Best Practices for Forced Handoffs

  • Use forced handoffs for critical paths where every step must execute.
  • Combine with Structured Inputs/Outputs to ensure clean data passing between agents.
  • Keep forced chains short and linear — complex branching is better suited for AI-routed orchestration.
  • Review traces to verify the orchestrator is correctly transforming outputs between hops.

When NOT to Use Forced Handoffs

  • When routing should be intent-dependent (use AI-routed instead).
  • For optional processing paths where downstream agents may not be needed.
  • When agents need to decide between multiple downstream options based on context.

Writing Effective Instructions

To orchestrate reliably:
  • Define each agent’s role, goal, and handoff criteria in its instructions.
  • Provide clear logic for when to use tools and when to delegate.
  • Treat your entry agent as the gateway for all new inputs.
Example guidance line:
“If the query requires data retrieval or document lookup, hand off to Responder; otherwise, respond directly.”

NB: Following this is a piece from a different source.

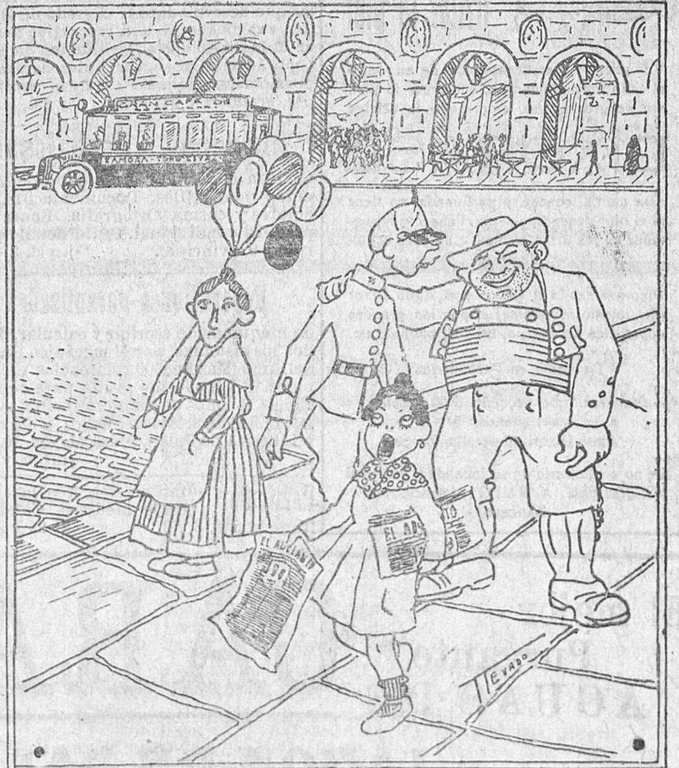
—Yo conozco a su hijo, está en mi regimiento y ahora se ha hecho gastador. —¡Vaya una noticia!, eso lo fué siempre en el pueblo.

Sobre este asunto, terminó declarando el Gobernador civil, que atendiendo la Junta de abastos a determinadas

Structuring Data Between Agents

Data flow in orchestration depends on Structured Inputs and Outputs.
  • Use Structured Inputs on child agents so the parent knows exactly what to supply before a handoff.
  • Use Structured Outputs (JSON) on final responder agents to ensure consistent output or API responses.
  • Define only necessary fields; keep schemas concise.
Example:
{
  "intent": "string",
  "customer_id": "integer",
}


Starter Patterns (AI-Routed)

These are common multi-agent orchestration setups you can replicate or adapt:
PatternDescription
Manager → Researcher → WriterManager routes research tasks, Researcher compiles info, Writer drafts the response.
Manager → (Agent-as-Tool: Classifier) → SpecialistClassifier determines type; Specialist handles it further.
Manager → Specialist → (Agent-as-Tool: Summarizer)Specialist processes and sends text to Summarizer for concise output.

Best Practices

  • Always define one clear entry agent to receive initial inputs.
  • Use handoffs for ownership transfer and Agent-as-Tool for short, reusable subtasks.
  • Keep handoff paths labeled and intentional.
  • Use forced handoffs for critical, sequential pipelines where every step must execute — reserve AI-routed handoffs for intent-based flexibility.
  • Validate Structured Inputs and Outputs to prevent schema mismatches.
  • Review traces after each major workflow run to fine-tune orchestration.
  • Keep logic simple and modular — complexity should emerge from clarity, not layers.